Data provided
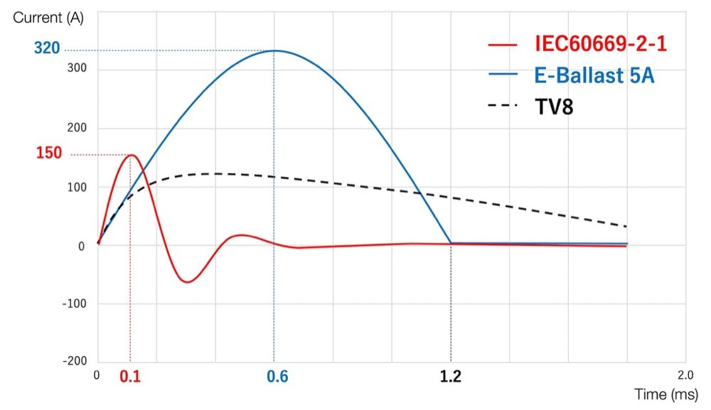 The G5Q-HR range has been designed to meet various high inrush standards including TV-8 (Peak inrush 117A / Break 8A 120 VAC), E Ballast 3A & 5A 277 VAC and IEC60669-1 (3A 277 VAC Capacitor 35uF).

--

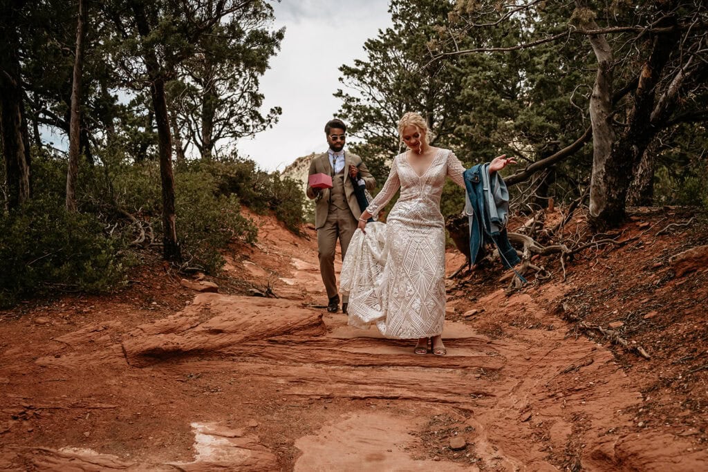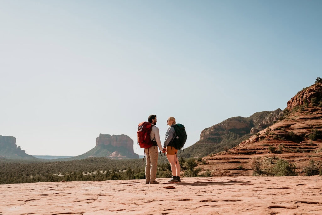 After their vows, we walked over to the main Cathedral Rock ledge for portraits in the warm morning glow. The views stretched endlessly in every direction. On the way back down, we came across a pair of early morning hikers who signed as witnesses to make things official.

...

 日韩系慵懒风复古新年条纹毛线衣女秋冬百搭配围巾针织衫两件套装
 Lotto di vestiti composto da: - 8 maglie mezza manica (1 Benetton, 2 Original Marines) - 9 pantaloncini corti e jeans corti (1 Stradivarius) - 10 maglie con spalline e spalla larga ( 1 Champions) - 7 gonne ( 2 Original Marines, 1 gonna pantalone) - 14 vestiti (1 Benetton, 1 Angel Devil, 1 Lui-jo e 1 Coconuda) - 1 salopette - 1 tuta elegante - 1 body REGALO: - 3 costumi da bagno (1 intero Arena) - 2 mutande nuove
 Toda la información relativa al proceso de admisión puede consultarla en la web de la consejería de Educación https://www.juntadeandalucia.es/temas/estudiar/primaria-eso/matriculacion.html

Task description
Copy only this part of the entries above: the line with "日韩系慵懒风复古新年条纹毛线衣女秋冬百搭配围巾针织衫两件套装", the line with "Toda la información", and the lines between, all exactly as written.

Written response
 日韩系慵懒风复古新年条纹毛线衣女秋冬百搭配围巾针织衫两件套装
 Lotto di vestiti composto da: - 8 maglie mezza manica (1 Benetton, 2 Original Marines) - 9 pantaloncini corti e jeans corti (1 Stradivarius) - 10 maglie con spalline e spalla larga ( 1 Champions) - 7 gonne ( 2 Original Marines, 1 gonna pantalone) - 14 vestiti (1 Benetton, 1 Angel Devil, 1 Lui-jo e 1 Coconuda) - 1 salopette - 1 tuta elegante - 1 body REGALO: - 3 costumi da bagno (1 intero Arena) - 2 mutande nuove
 Toda la información relativa al proceso de admisión puede consultarla en la web de la consejería de Educación https://www.juntadeandalucia.es/temas/estudiar/primaria-eso/matriculacion.html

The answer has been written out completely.